Mumbai, traffic, agency
In 2012, I landed on a magnificent opportunity to spend some time, almost a month, in India for a project with the BMW-Guggenheim Laboratory, a traveling think-tank devoted to discussing urban issues in a project-based way, including the conduct of a few experiments on the local citizenry. I was based in Mumbai and I think that over that short period of time, my mind came to mirror the stirring, chaotic, magnificent mess of this city with a storm of ideas, assessments, re-assessments, and epiphanies about how cities, and people, worked. I think back on that experience and others that I enjoyed with “The Gug” as it was called in other world cities as a critical part of my education as I tried to transition from an old country psychologist studying weird, little laboratory-based bits of animal behavior to someone trying to figure out how to apply my methods to issues that mattered a lot to a lot of people.
It’s wonderfully nostalgic to think back on many of the experiences that I had over that month. On my very first day in the city, for example, I decided to walk from my plush hotel to an outdor laboratory set in a lush garden fronting a museum. According to the map, the distance was less than two kilometres. I set off after a hearty breakfast of dhosas, ignoring the calls from the drivers who parked outside the hotel waiting for passengers, with the intention of a quick, orienting walk through the streets. About an hour later, when I arrived at the lab, soaked in sweat, eyes crossed, adrenaline pumping, I realized my education had begun. The streets, so thick with crowds of people, colours, aromas of spices blending with the smells of freshly slaughtered chickens, the din from traffic, shouting hawkers at street-corner braziers offering up simple but heavenly snacks made of nothing more than white bread, potato, and seasonings was an utter feast for my senses. In that hour, I decided I could never leave India. Goodbye wonderful wife, goodbye children, goodbye career, goodbye devoted cats, I had been hypnotized and ensnared. Though I came to revise that latter opinion (to the great relief of my wife and my cats….possibly my children), my attachment to the city has never really waned.
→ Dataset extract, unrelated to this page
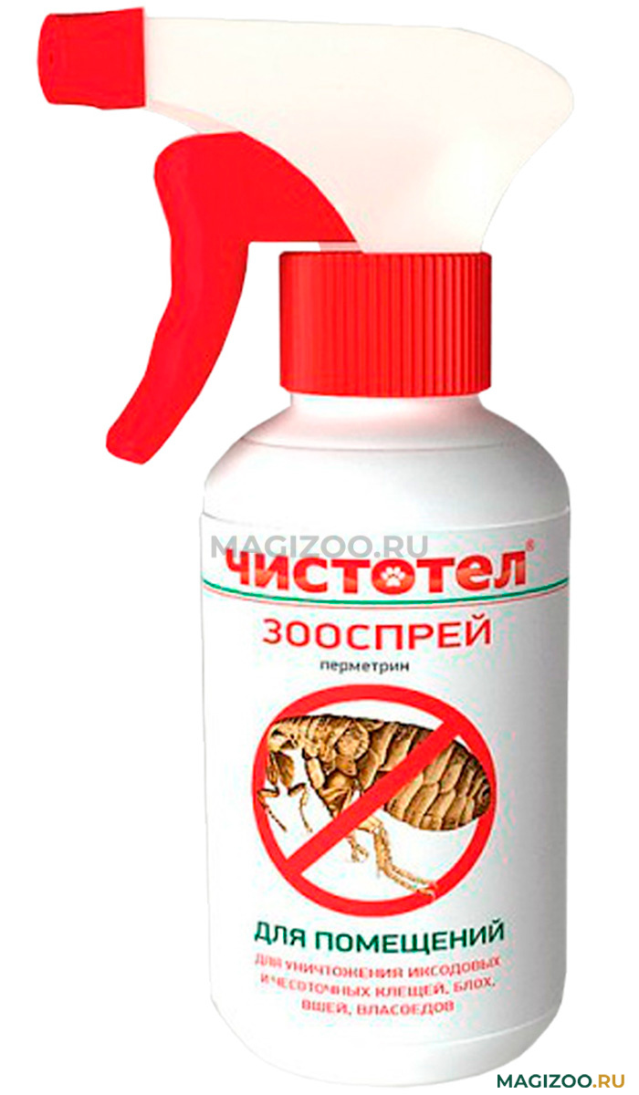 ЧИСТОТЕЛ спрей для обработки помещений и мест содержания животных от блох и других насекомых. Уничтожает насекомых и защищает от повторного появления их в квартире до 3 месяцев.
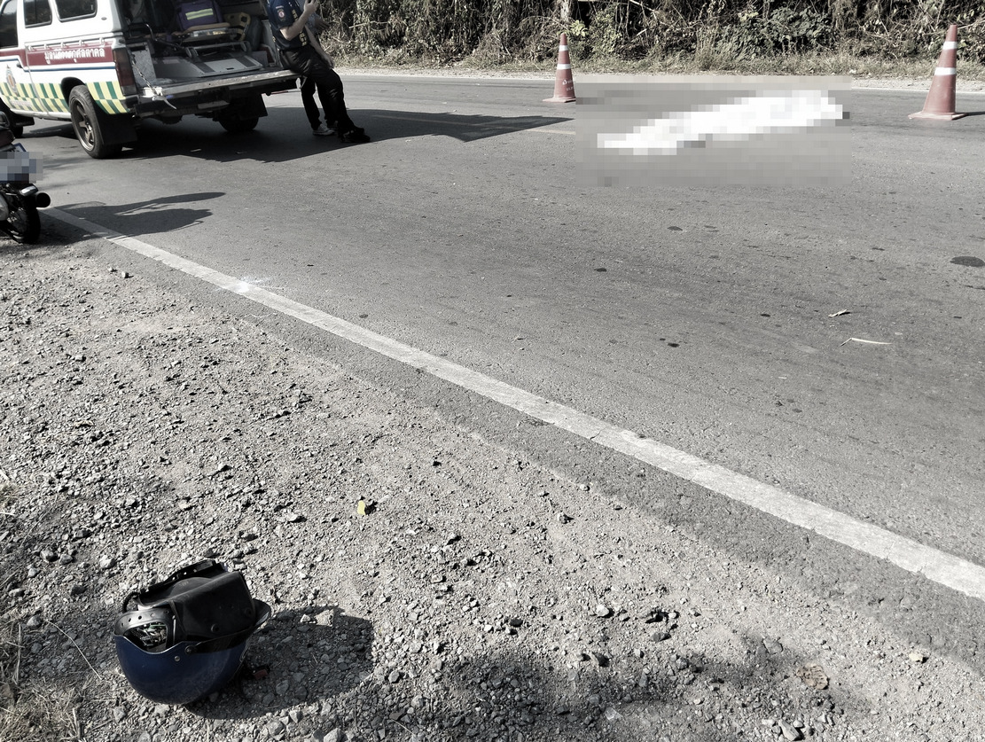 ที่เกิดเหตุ พบรถจักรยานยนต์ ยามาฮ่า สีฟ้า ลักษณะชนกับ รถกระบะ อีซูซุ สีเทา ป้ายทะเบียน นครสวรรค์ ใกล้กันพบร่างของผู้เสียชีวิต 1 ราย เป็นผู้ชายไทย อายุ 56 ปี

In the trusty care of my local facilitator, Mahesh (1), I planned a beautiful experiment that asked local volunteer participants to take a walk with me while I quizzed them about their feelings about their surroundings and I measured their bodily state with some crafty sensors(2). One of my own greatest concerns, as Mahesh and I led groups of about ten volunteers, threading our way through incredibly complex streetscapes and congested roadways filled with honking cars, was how to keep both the volunteers and myself alive and well through mortal combat with everything from a motorbike to a coughing dump truck. As I watched Mahesh stroll boldly into the roadways, holding up his hand like King Canute commanding the seas to cease their movement, my own pulse and blood pressure went up so much I could hear my entire circulatory system complaining to my buzzing ears. Mahesh looked so damned calm! My volunteers barely broke a sweat. When I asked them about the plight of the pedestrian, they usually greeted me with nothing more than a raised eyebrow or a slight shrug of the shoulders, saying something like “it’s no big deal. You just get used to it.”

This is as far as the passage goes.